Sunday, October 5, 2014

Another Idler



Most literary people when they think of past magazines called The Idler would cite Samuel Johnson’s famous miscellany and Jerome K Jerome’s humorous organ of the1890s. Today’s Idler is edited by the anti-corporatist and ukelele enthusiast Tom Hodgkinson, author of How to be Free. But there was another Idler, which is, as yet, unknown to Wikipedia, and indeed has a very, very low online profile.

This Idler, a tabloid format miscellany printed on newsprint, edited by Sci-Fi writer James Parkhill-Rathbone, and published by ‘Editorial Associates’, existed for a short time around 1966 and then folded. Published quarterly from the editor’s home, the Old Crown, Wheatley, a former coaching inn, it called itself an ‘entertainment’, which is about right,
since most of the articles are middlebrow excursive essays on a variety of literary and art-related topics with decorations by classic illustrators such as Pennell, and Charles Brock and contemporary artists, including Edward Ardizonne. Much of the material reflects the tastes of its  middle-class and middlebrow editor, who after working in publishing and as an editorial assistant for Science Fantasy, settled down to a life as a writer of pretty conventional science fiction.

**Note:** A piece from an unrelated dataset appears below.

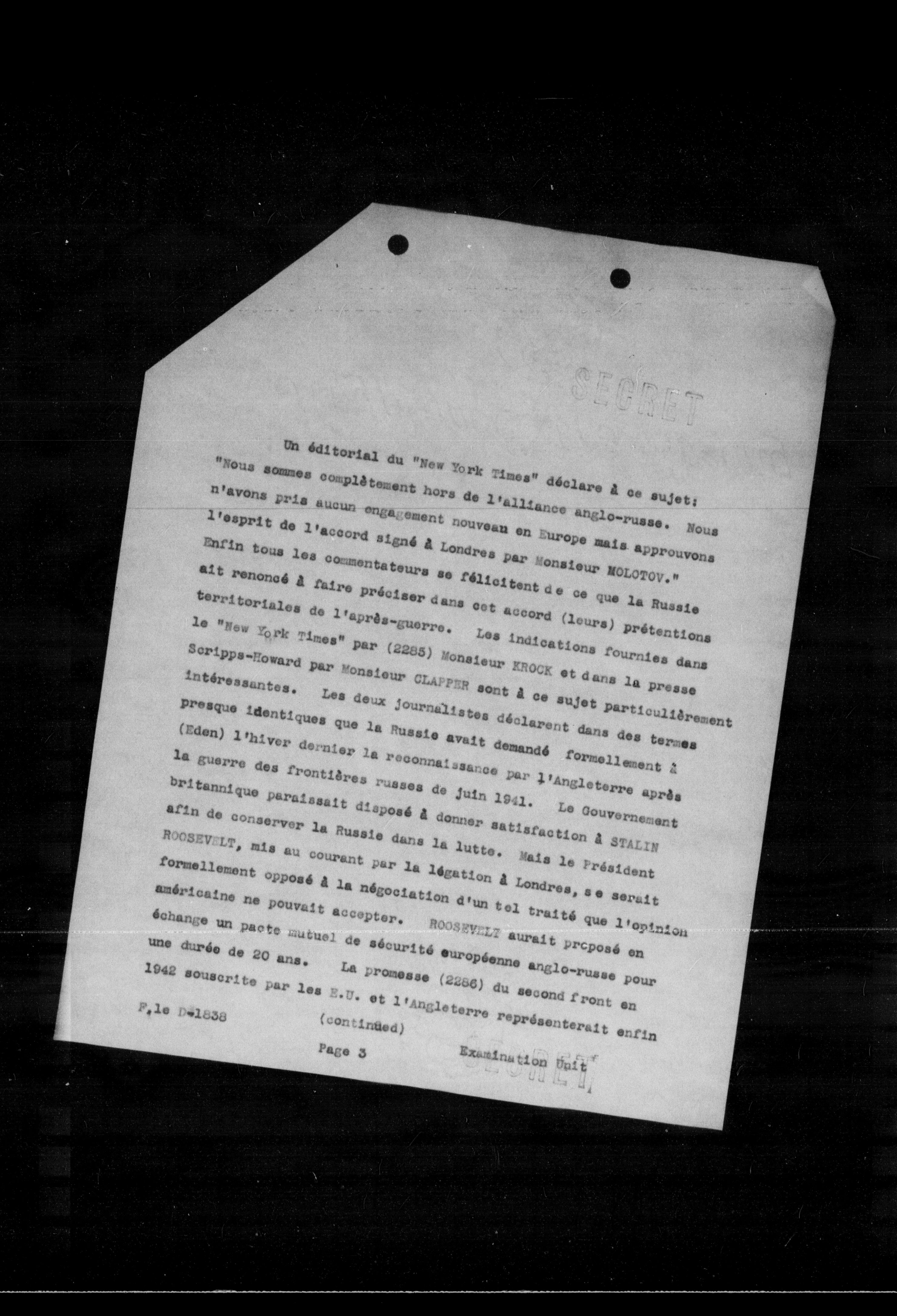 - Un éditorial du "New York Times" déclare à ce sujet: "Nous sommes complètement hors de l'alliance anglo-russe. Nous n'avons pris aucun engagement nouveau en Europe mais approuvons l'esprit de l'accord signé à Londres par Monsieur MOLOTOY." Enfin tous les commentateurs se félicitent de ce que la Russie ait renoncé à faire préciser dans cet accord (leurs) prétentions territoriales de l'après-guerre. Les indications fournies dans le "New York Times" par (2285) Monsieur KROCK et dans la presse Scripps-Howard par Monsieur CLAPPEN sont à ce sujet particulièrement intéressantes. Les deux journalistes déclarent dans des termes presque identiques que la Russie avait demandé formellement à (Eden) l'hiver dernier la reconnaissance par l'Angleterre après la guerre des frontières russes de juin 1941. Le Gouvernement britannique paraissait disposé à donner satisfaction à STALIN afin de conserver la Russie dans la lutte. Mais le Président ROOSEVELT, mis au courant par la légation à Londres, se serait formellement opposé à la négociation d'un tel traité que l'opinion américaine ne pouvait accepter. ROOSEVELT aurait proposé en échange un pacte mutuel de sécurité européenne anglo-russe pour une durée de 20 ans. La promesse (2286) du second front en 1942 souscrite par les E.U. et l'Angleterre représenteraít enfin F,le D41838

What makes him a little unusual among the Sci-Fi community is the informed passion for art and architecture, which emerges from much of his work for the Idler.

It is no surprise, for instance, that the middle-of-the road travel writings of Cyril Upton, author of a slim volume entitled The Perfumed Pen (1937) and Musings in Provence and Beyond (1955) comprise much of the Idler content. Nor that the work of another Sci-Fi writer, the much younger and more talented Josephine Saxton, who enjoyed gardening and shared Parkhill-Rathbone’s love of old houses, also appeared. Interestingly, given that both made their names in science fiction, and indeed Saxton’s ‘ feminist’ Sci-Fi was later to earn her the label of being a ‘ true original’, no material of that kind can be detected in any of the issues of The Idler that we have examined.

The souped-up Robert Lynd and E.V.Lucas-style musings and a few reprinted extracts from classic authors and some living ones don’t make for exciting reading, but the Idler did publish extracts from novels by William Gerhardie and a few more academic pieces, notably some perceptive art criticism by the twenty-eight year old Marina Vaizey. Her lengthy, perceptive, exegesis of Ardizonne’s work stands out boldly from the Sunday supplement content of one issue, as does her description of a visit to the V & A. in another.  [RMH]

1 comment:

  1. Hello jot101! I have enjoyed this Idler themed post and enjoy other posts here also, just wanted to say ahoy!